**WHAT NEEDS TO BE DONE:** Only some lines are wanted. Transcribe, exactly, the lines below from the line with "Музей современного искусства" up to and including the line with "MONEV PENGELOLAAN PPID".

[[ INFORMATION SHOWN open ]]

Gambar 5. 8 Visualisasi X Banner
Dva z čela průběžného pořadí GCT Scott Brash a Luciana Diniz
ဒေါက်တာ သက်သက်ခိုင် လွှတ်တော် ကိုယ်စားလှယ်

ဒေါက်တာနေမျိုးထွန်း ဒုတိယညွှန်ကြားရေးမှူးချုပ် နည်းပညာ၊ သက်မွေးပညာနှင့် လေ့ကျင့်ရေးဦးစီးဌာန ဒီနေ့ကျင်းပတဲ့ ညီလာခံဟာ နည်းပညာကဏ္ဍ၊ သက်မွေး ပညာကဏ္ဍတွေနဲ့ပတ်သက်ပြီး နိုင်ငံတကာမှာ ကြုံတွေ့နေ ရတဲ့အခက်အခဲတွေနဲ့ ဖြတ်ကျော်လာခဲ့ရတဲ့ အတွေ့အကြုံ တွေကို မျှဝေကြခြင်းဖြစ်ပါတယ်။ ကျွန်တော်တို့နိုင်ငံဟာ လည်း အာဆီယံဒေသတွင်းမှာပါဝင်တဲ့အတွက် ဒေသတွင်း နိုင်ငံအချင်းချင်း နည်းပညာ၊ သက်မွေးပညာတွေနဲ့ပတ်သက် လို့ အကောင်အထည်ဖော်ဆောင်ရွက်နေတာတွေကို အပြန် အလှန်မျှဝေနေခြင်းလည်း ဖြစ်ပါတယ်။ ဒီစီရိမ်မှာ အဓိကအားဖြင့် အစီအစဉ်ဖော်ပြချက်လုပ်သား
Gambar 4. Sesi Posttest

[[ INFORMATION SHOWN closed ]]
[[ INFORMATION SHOWN open ]]

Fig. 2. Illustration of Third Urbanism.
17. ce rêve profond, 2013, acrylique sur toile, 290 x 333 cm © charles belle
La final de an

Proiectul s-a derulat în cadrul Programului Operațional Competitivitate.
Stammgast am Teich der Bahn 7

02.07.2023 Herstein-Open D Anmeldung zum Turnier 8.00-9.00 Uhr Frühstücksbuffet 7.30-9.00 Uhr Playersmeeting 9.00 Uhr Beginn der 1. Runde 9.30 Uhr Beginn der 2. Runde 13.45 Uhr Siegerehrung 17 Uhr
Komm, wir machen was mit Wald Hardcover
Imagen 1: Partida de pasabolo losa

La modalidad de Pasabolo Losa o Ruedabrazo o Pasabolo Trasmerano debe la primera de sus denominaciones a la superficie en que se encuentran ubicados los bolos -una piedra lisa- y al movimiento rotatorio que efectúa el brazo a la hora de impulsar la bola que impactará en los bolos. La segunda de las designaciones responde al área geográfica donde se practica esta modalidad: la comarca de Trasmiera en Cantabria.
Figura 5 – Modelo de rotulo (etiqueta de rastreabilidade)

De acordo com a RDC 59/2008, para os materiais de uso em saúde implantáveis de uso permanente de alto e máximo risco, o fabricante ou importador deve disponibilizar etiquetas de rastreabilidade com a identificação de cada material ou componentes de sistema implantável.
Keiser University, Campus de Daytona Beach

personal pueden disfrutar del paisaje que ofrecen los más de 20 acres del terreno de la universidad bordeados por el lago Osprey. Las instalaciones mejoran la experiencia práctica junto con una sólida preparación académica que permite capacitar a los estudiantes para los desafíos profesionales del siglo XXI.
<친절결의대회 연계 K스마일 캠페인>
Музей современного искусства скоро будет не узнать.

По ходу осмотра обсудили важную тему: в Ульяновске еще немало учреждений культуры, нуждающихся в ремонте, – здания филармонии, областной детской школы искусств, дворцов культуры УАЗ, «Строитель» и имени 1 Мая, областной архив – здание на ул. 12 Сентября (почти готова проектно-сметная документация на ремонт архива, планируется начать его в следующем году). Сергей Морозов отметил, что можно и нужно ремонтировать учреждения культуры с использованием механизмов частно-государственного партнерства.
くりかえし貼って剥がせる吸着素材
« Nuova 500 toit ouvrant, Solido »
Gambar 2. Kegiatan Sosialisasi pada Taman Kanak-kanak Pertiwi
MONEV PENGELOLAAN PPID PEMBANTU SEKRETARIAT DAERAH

[[ INFORMATION SHOWN closed ]]

**FINISHED EXERCISE:**
Музей современного искусства скоро будет не узнать.

По ходу осмотра обсудили важную тему: в Ульяновске еще немало учреждений культуры, нуждающихся в ремонте, – здания филармонии, областной детской школы искусств, дворцов культуры УАЗ, «Строитель» и имени 1 Мая, областной архив – здание на ул. 12 Сентября (почти готова проектно-сметная документация на ремонт архива, планируется начать его в следующем году). Сергей Морозов отметил, что можно и нужно ремонтировать учреждения культуры с использованием механизмов частно-государственного партнерства.
くりかえし貼って剥がせる吸着素材
« Nuova 500 toit ouvrant, Solido »
Gambar 2. Kegiatan Sosialisasi pada Taman Kanak-kanak Pertiwi
MONEV PENGELOLAAN PPID PEMBANTU SEKRETARIAT DAERAH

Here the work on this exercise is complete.